(What the task asks): Write out the entries below exactly, but only from the line containing "The duo behind" through the line containing "Miembros del Consejo", and without the pictures.

(Dataset entries)
Segment Open

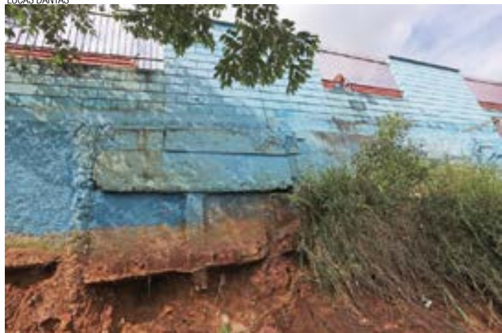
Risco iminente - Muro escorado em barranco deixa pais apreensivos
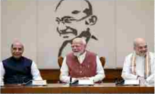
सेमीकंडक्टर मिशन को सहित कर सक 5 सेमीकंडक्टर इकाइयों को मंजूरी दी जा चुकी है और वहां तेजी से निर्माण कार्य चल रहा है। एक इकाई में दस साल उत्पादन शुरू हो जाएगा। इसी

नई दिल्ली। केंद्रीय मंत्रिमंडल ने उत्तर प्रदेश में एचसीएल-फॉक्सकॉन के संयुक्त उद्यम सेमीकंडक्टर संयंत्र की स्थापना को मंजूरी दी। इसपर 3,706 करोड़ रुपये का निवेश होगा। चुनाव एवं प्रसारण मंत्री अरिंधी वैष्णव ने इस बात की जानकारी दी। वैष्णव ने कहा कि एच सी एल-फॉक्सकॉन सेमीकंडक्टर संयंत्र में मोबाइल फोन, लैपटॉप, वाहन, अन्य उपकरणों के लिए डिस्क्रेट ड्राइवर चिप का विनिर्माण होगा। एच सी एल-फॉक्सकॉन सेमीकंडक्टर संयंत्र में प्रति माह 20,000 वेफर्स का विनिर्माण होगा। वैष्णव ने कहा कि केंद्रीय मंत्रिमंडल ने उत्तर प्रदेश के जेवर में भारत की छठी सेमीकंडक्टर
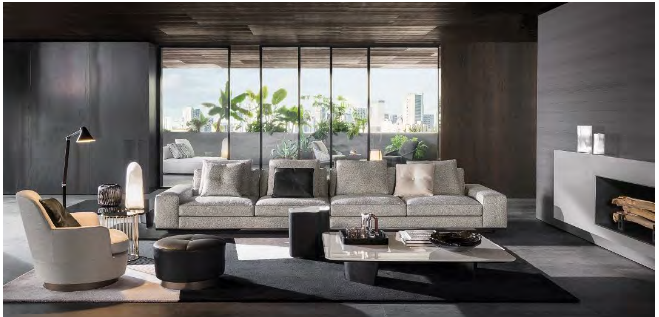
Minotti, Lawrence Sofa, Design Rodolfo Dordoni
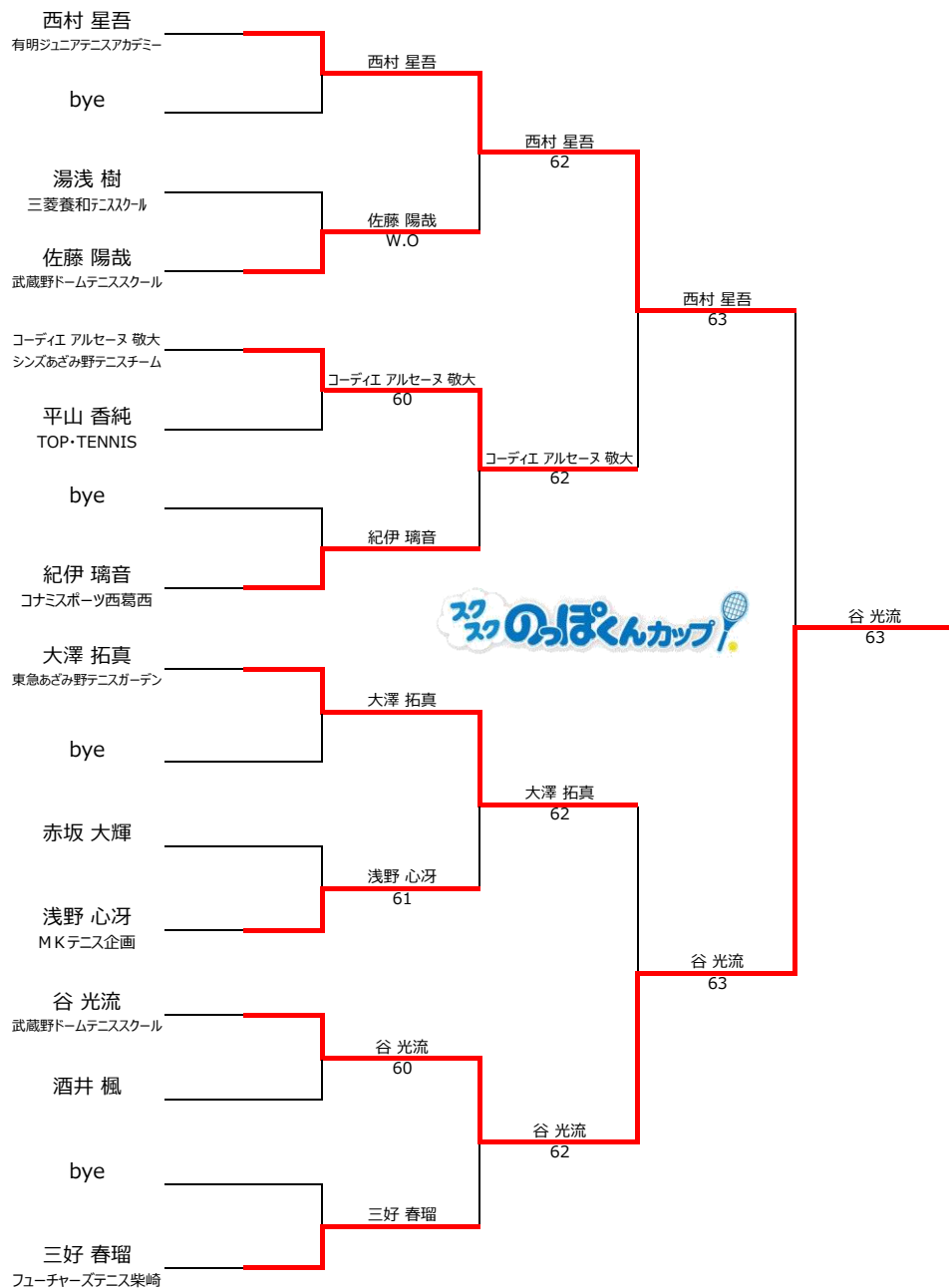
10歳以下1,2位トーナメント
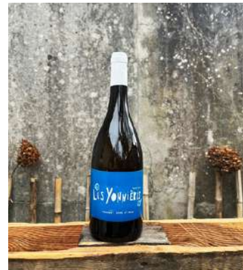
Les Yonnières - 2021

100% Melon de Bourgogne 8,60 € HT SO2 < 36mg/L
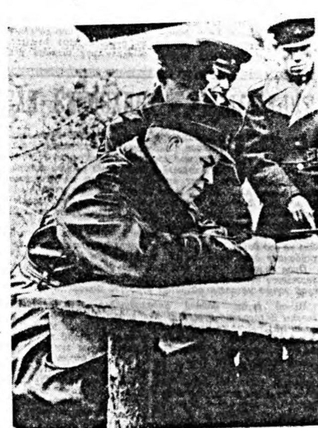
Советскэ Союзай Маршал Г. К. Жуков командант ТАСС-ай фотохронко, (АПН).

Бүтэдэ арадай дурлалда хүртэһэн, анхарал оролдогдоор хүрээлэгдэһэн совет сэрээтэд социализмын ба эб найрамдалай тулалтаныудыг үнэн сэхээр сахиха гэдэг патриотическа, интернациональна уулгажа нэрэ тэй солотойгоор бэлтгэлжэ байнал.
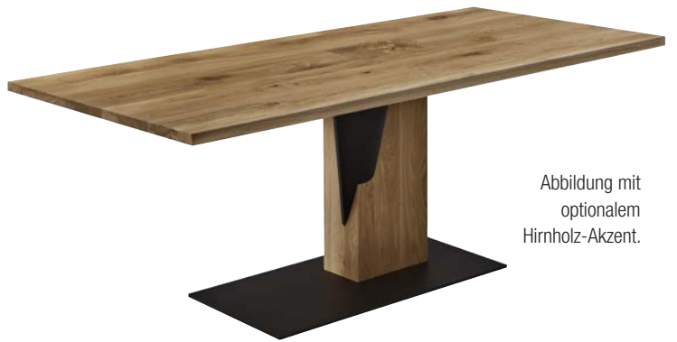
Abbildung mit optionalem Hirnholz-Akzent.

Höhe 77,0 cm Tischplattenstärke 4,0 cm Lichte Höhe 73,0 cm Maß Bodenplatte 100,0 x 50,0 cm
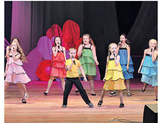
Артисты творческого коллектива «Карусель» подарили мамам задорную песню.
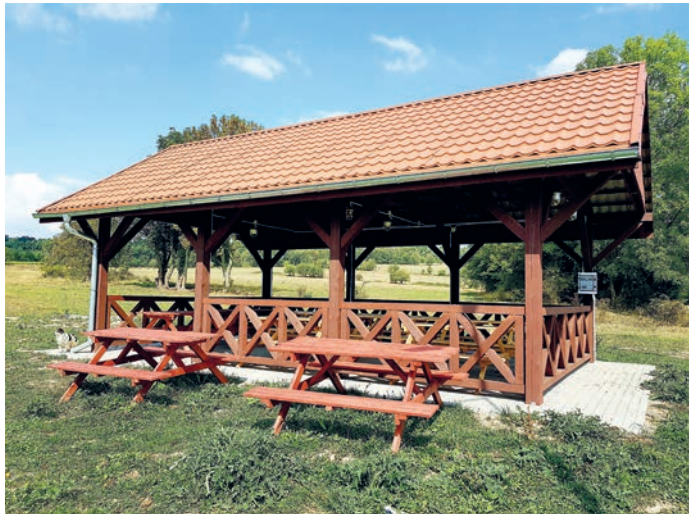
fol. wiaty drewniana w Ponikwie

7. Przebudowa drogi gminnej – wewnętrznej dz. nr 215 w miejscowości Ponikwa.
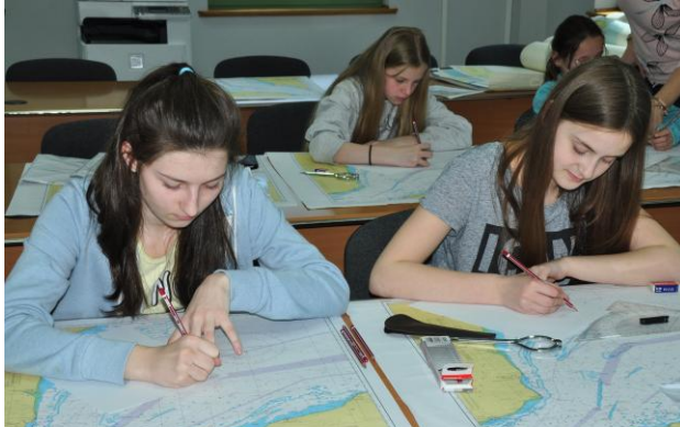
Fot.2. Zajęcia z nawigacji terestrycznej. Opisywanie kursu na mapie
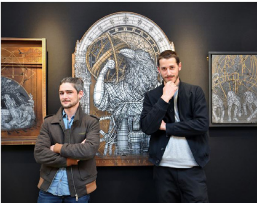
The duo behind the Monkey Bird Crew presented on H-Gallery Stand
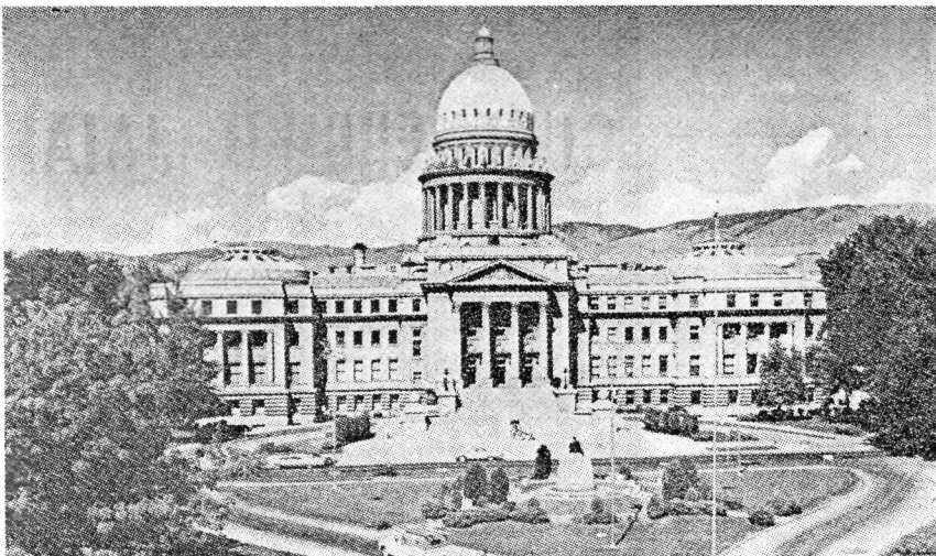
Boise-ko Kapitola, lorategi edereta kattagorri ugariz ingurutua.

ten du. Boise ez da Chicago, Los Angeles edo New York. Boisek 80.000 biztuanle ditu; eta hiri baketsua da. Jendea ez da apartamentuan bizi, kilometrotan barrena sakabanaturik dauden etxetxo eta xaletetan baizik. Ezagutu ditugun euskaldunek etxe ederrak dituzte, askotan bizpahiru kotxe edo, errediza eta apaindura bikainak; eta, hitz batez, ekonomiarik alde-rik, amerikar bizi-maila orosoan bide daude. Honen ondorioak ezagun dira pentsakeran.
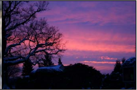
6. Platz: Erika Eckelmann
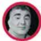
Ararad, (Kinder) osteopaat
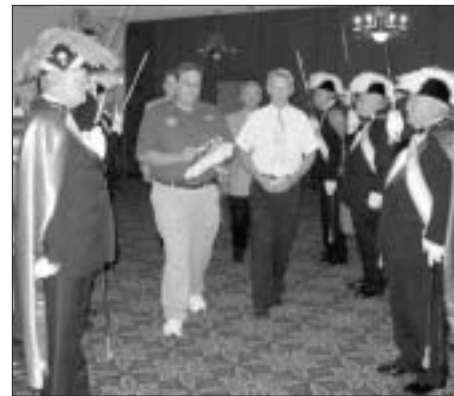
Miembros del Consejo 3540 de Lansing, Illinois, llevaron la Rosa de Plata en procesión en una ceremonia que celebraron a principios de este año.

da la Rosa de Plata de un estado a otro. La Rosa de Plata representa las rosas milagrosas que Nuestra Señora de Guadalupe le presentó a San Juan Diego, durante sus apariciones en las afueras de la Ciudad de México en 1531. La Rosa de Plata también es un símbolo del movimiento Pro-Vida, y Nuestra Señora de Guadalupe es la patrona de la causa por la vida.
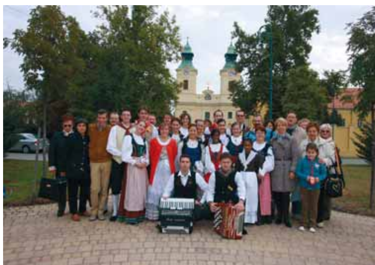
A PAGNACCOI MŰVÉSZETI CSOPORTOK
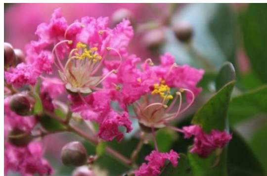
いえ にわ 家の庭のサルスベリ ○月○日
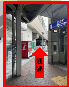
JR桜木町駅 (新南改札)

Segment Closed

(Response to the task):
The duo behind the Monkey Bird Crew presented on H-Gallery Stand
Boise-ko Kapitola, lorategi edereta kattagorri ugariz ingurutua.

ten du. Boise ez da Chicago, Los Angeles edo New York. Boisek 80.000 biztuanle ditu; eta hiri baketsua da. Jendea ez da apartamentuan bizi, kilometrotan barrena sakabanaturik dauden etxetxo eta xaletetan baizik. Ezagutu ditugun euskaldunek etxe ederrak dituzte, askotan bizpahiru kotxe edo, errediza eta apaindura bikainak; eta, hitz batez, ekonomiarik alde-rik, amerikar bizi-maila orosoan bide daude. Honen ondorioak ezagun dira pentsakeran.
6. Platz: Erika Eckelmann
Ararad, (Kinder) osteopaat
Miembros del Consejo 3540 de Lansing, Illinois, llevaron la Rosa de Plata en procesión en una ceremonia que celebraron a principios de este año.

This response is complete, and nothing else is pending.